Punching straight up, Nathan's gloved hand connected with the plastic. "Damn!" His cockpit powered down and the canopy rose slowly. He looked over his shoulder and spotted Sergeant Bougus leaning into Hawkes's cockpit. The D.I. appeared to be floating in space.
"YOU'RE DEAD! YOU'RE DEAD!" Bougus waved a hand, gesturing to the other ships. "THE ENTIRE WING IS DEAD BECAUSE OF YOU!"
The starfield around the ships faded into the antiseptic white walls of the simulator room. The only section remaining of the Hammerheads was their cockpits, each interlinked with the others to simulate attack formation fighting.
Unfortunately, they simulated it a little too well.
Nathan hung his head out of his cockpit and shot back a menacing look. "You stupid tank!"
Shane had her gaze locked on Hawkes. "What were you doing?" Her tone sounded as if she were giving him the benefit of the doubt.
"Screwing up is what he was—"
"YOU TWO SHUT THE HELL UP, YOU'RE DEAD!"
Shane looked at Nathan, pursed her lips and shook her head. Nathan nodded then glared at Hawkes.

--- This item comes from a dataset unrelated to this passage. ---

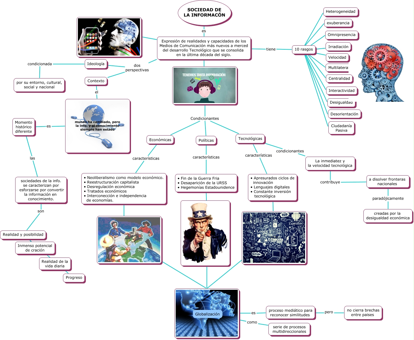 Este Cmap, tiene información relacionada con: Sociedad de la Información, 10 rasgos ???? Heterogeneidad, 10 rasgos ???? Interactividad, SOCIEDAD DE LA INFORMACÓN es Expresión de realidades y capacidades de los Medios de Comunicación más nuevos a merced del desarrollo Tecnológico que se consolida en la última década del siglo., 10 rasgos ???? Irradiación, 10 rasgos ???? Velocidad, mundo ha cambiado, pero la info. y el conocimiento siempre han estado es Momento histórico diferente, • Apresurados ciclos de innovación • Lenguajes digitales • Constante inversión tecnológica ???? ????, Tecnológicas condicionantes La inmediatez y la velocidad tecnológica, • Fin de la Guerra Fria • Desaparición de la URSS • Hegemonías Estadounidence ???? ????, Expresión de realidades y capacidades de los Medios de Comunicación más nuevos a merced del desarrollo Tecnológico que se consolida en la última década del siglo. ???? ????, Expresión de realidades y capacidades de los Medios de Comunicación más nuevos a merced del desarrollo Tecnológico que se consolida en la última década del siglo. dos perspectivas Ideología, La inmediatez y la velocidad tecnológica contribuye a disolver fronteras nacionales, 10 rasgos ???? Desorientación, 10 rasgos ???? Omnipresencia, Políticas características • Fin de la Guerra Fria • Desaparición de la URSS • Hegemonías Estadounidence, Ideología condicionada por su entorno, cultural, social y nacional, Realidad y posibilidad ???? Progreso, ???? ????, ????, 10 rasgos ???? Multilateralidad
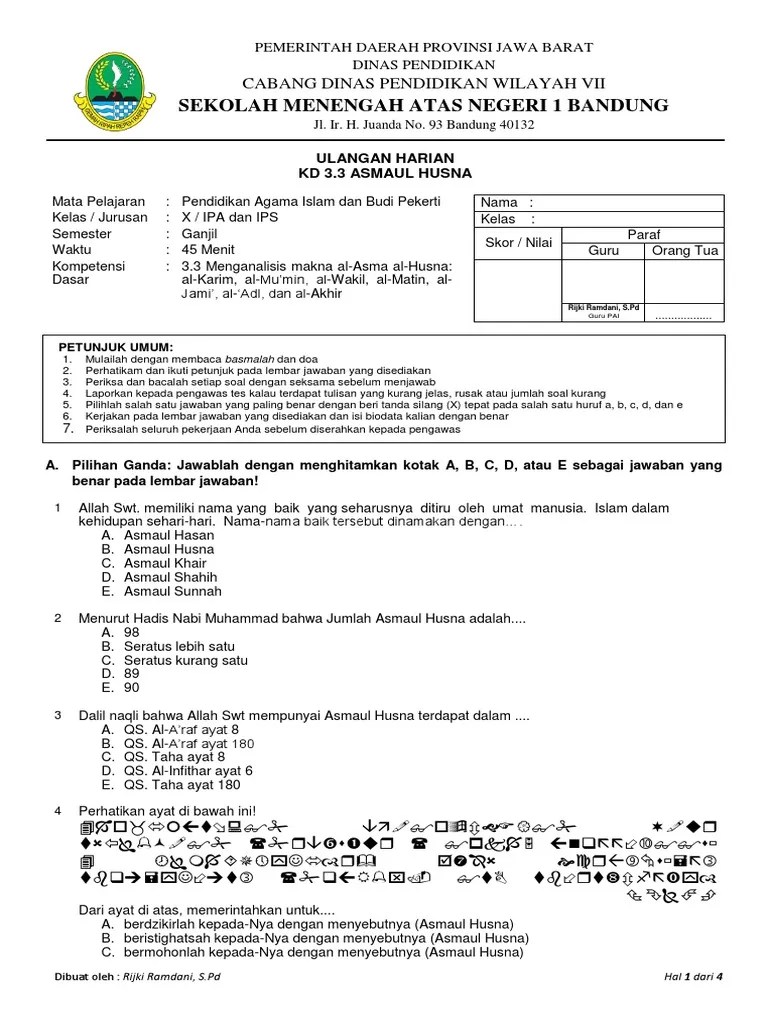 Soal Materi Asmaul Husna Kelas 5 Semester 1 : Soal Agama Kelas 10 Sma Ma Smk Semester 1 2 2021 - Mampu memahami asmaul husna , ,.

The tank smiled. "What're you so upset about? This ain't real."
Bougus went to seize the tank's collar, then made a quick fist and held himself back. Nathan dug his own fingernails into his palm. Bougus shouted, "SOMEDAY, NUMBNUTS, IT WILL BE REAL!" Then the sergeant grew quiet, a volume that seemed much more dangerous to Nathan. "You'll be in the middle of a hairy-assed furball and you will"—he resumed his shout—"DIE! With you around, the wing doesn't have to fear the enemy!"
Nathan gritted his teeth. "I should have blown your ass away."
The tank fired off a look that had challenge written all over it, and Nathan imagined himself taking the look, chomping down on it, swallowing it, then vomiting it back into the tank's face.
And then Bougus was in Nathan's face. "Is that right? GET OUT! GET OUT OF THAT COCKPIT! EVERYONE... OUT! OUT!"
Nathan unplugged the computer cable that attached his flight suit to the cockpit, then hustled out to join the rest of the recruits.
"OVER HERE! TOGETHER!"
The group formed a semicircle around Bougus, with Nathan and Hawkes on opposite ends.
Bougus turned to Nathan and pointed to the tank. "You! Grab his ass!"
Nathan grimaced. "Sir?"
"THAT'S AN ORDER! GRAB IT! EVERYONE LINE UP AND GRAB THE ASS OF THE MARINE NEXT TO YOU!"
As Nathan grasped the tank's butt, he saw Pags maneuver himself to a place behind Damphousse. She smirked at Pags. Nathan withdrew his hand from the tank as Shane stepped in front of him. He reached out to grab her.
Hawkes then cut between Shane and Nathan, blocking Nathan's hand. The tank locked a paw into position on one of Shane's cheeks.
Nathan's breath quickened. He considered yanking the tank around and beating the lousy pilot's face into a purple sheen, but then Bougus would take him into the latrine and do the same to him. Resignedly, he resumed clawing the tank's butt, feeling the bile build at the back of his throat.